Git-Like Data Set Versioning using LakeFS and Ceph S3

Data has become the core business of every modern organization today, whether it’s for decision making, reporting, predicting, analyzing and many other use cases that don’t fall short. Eventually, Data, In its final form will be presented to stakeholders in order for them to understand what happens in the organization, whether it’s internally or externally.

If we take AI as an example, We see that a lot of the assumptions being made by AI are the direct results of the data that the algorithm uses. AI is using the datasets that are provided by Data Engineers in order to train models at scale, And those models will provide business recommendations and predictions that will be used by the stakeholders.

You can surely understand that due to the presented above, The integrity of data is an important thing, It should be reliable enough for the AI model to base its theories on.

We see that AI running on Kubernetes is not a joke, and a lot of workloads are being migrated towards Kubernetes as it treats AI models as they were microservices that are going through a CI/CD pipeline (using tools like MLOps, Kubeflow, etc). The source code is being saved into git repositories, gets packaged into a container image, and eventually being deployed into Kubernetes as part of the data pipeline (using GitOps, CD, or any other deployment strategy).

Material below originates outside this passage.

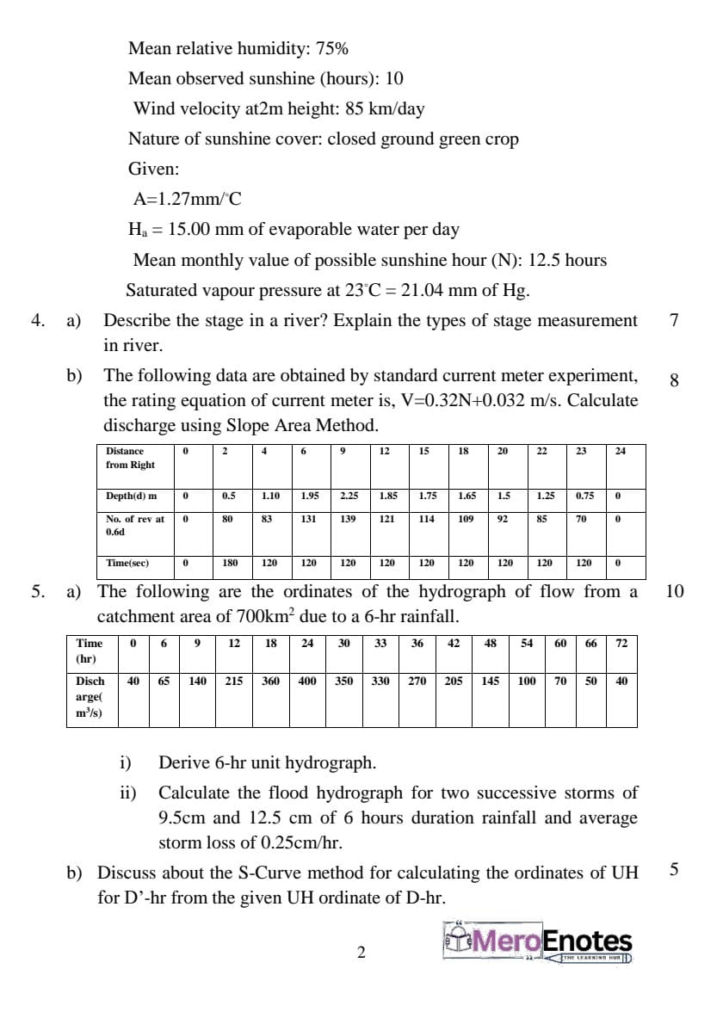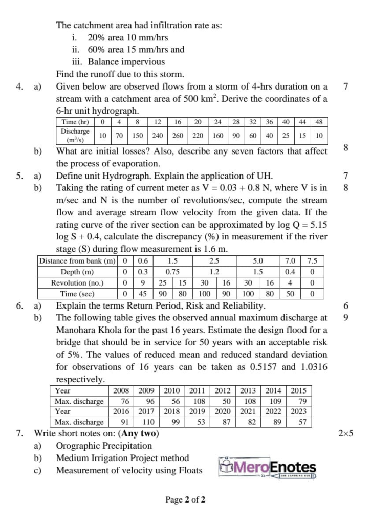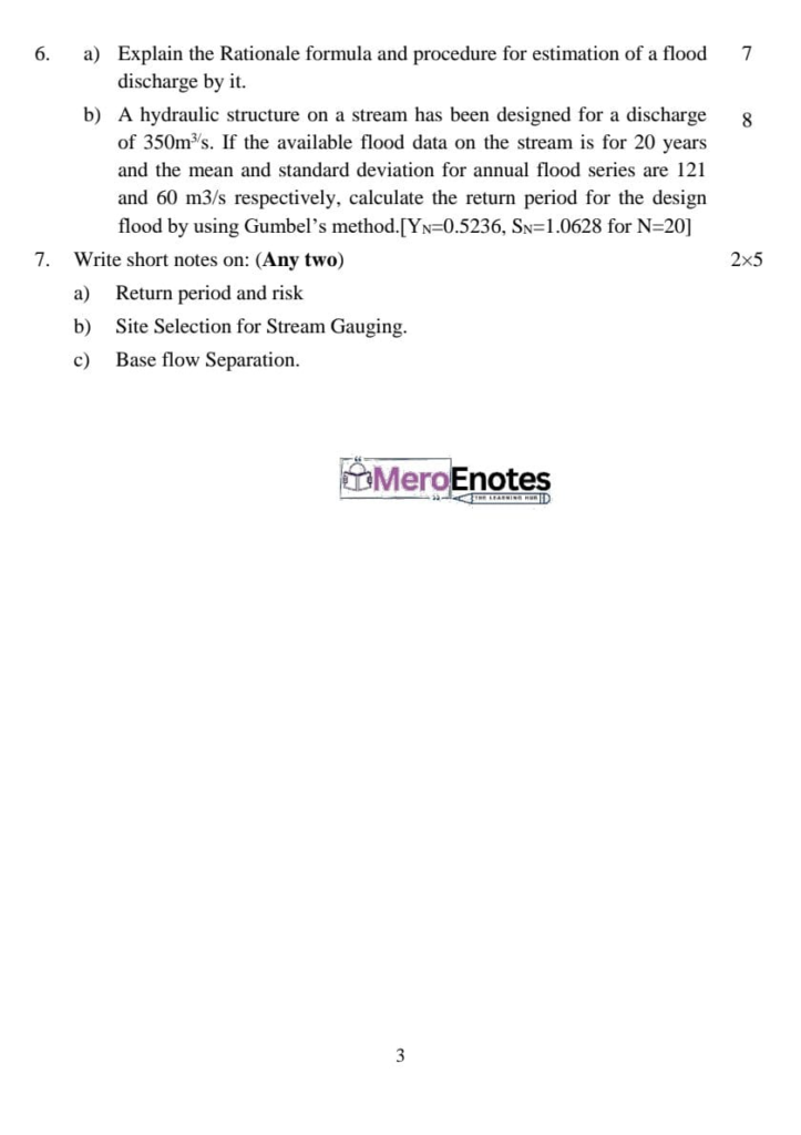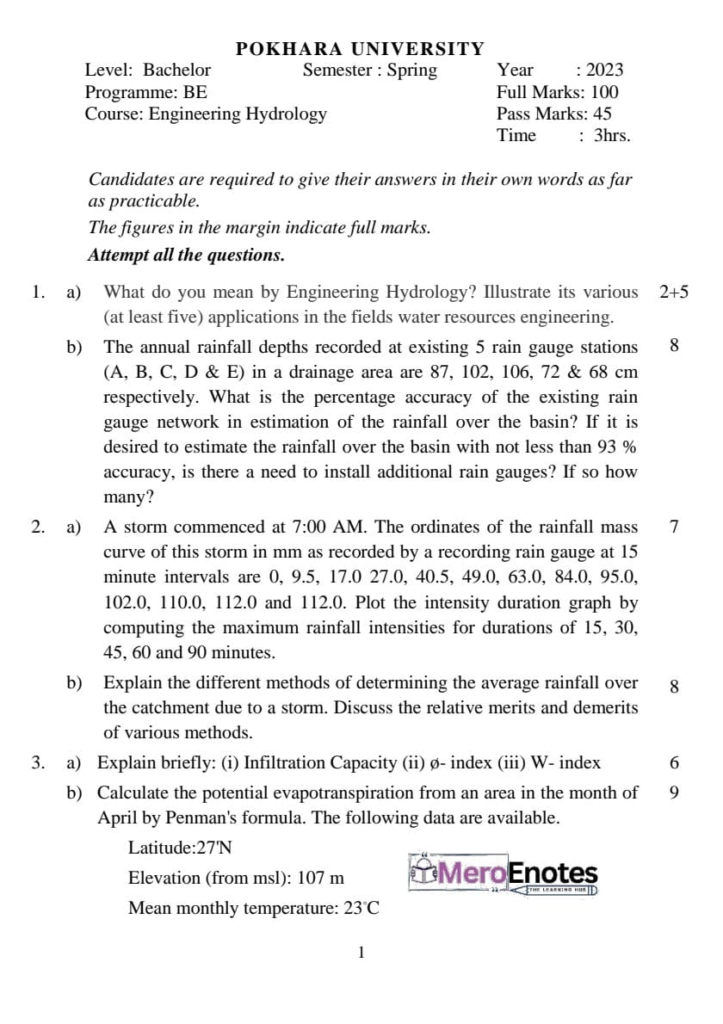 Here is the Pokhara University PU BE Civil Engineering Hydrology Question Paper for the 5th Semester. This resource will help you practice efficiently. Build Confidence, and Perform better in your Exam. Here is the last 5 Year Question Paper Collection. If you need a PDF of this Question paper Contact us on Social Media We will provide you with the paper. If you have any subject Question papers share them with others through Mero Enotes.

This empowers the control we have significantly, As we can promote or roll back specific versions of our AI models we have when problems occur (inaccuracy for example).

More than that, We can now even control our dataset versions and treat it as if it was a git repository. By doing that, we control the versions that we hold as our data sets. If for example a new data source was added and should be written to the data lake, we can branch the current dataset, Verify that the new data source isn’t harmful (by running unit/integration tests), and then merge those changes back to the origin and provide the tested data to our scientists or BI engineers.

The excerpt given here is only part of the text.